§ **Task instructions**
Take from the entries below the stretch from the line with "Custom Logo Hoodies" through the line with "依據(jù)表5測試數(sh", and return it exactly, leaving the pictures out.

§ **Given records**

—————

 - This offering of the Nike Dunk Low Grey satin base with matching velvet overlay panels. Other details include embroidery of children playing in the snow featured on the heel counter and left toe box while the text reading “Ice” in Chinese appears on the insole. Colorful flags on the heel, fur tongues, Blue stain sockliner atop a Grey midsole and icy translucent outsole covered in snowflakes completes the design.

—————

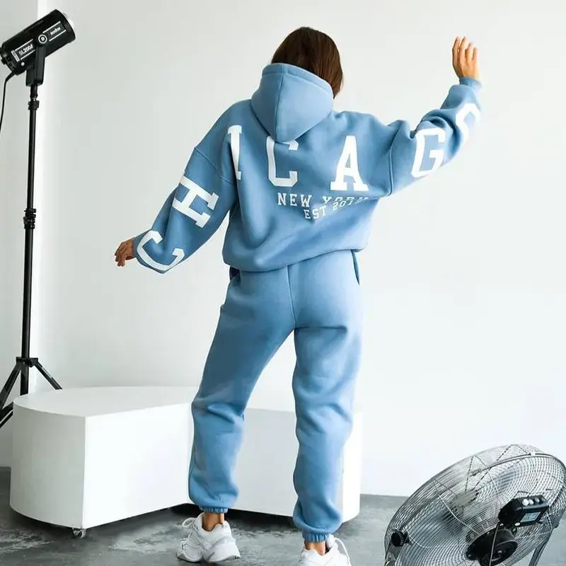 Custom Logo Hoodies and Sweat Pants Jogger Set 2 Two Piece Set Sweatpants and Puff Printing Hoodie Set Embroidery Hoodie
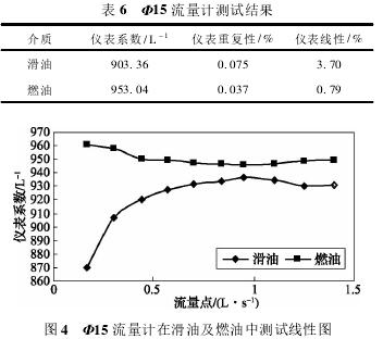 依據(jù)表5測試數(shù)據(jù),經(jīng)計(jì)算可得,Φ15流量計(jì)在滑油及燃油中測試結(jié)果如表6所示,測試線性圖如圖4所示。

—————

§ **Reply to the exercise**
 Custom Logo Hoodies and Sweat Pants Jogger Set 2 Two Piece Set Sweatpants and Puff Printing Hoodie Set Embroidery Hoodie
 依據(jù)表5測試數(shù)據(jù),經(jīng)計(jì)算可得,Φ15流量計(jì)在滑油及燃油中測試結(jié)果如表6所示,測試線性圖如圖4所示。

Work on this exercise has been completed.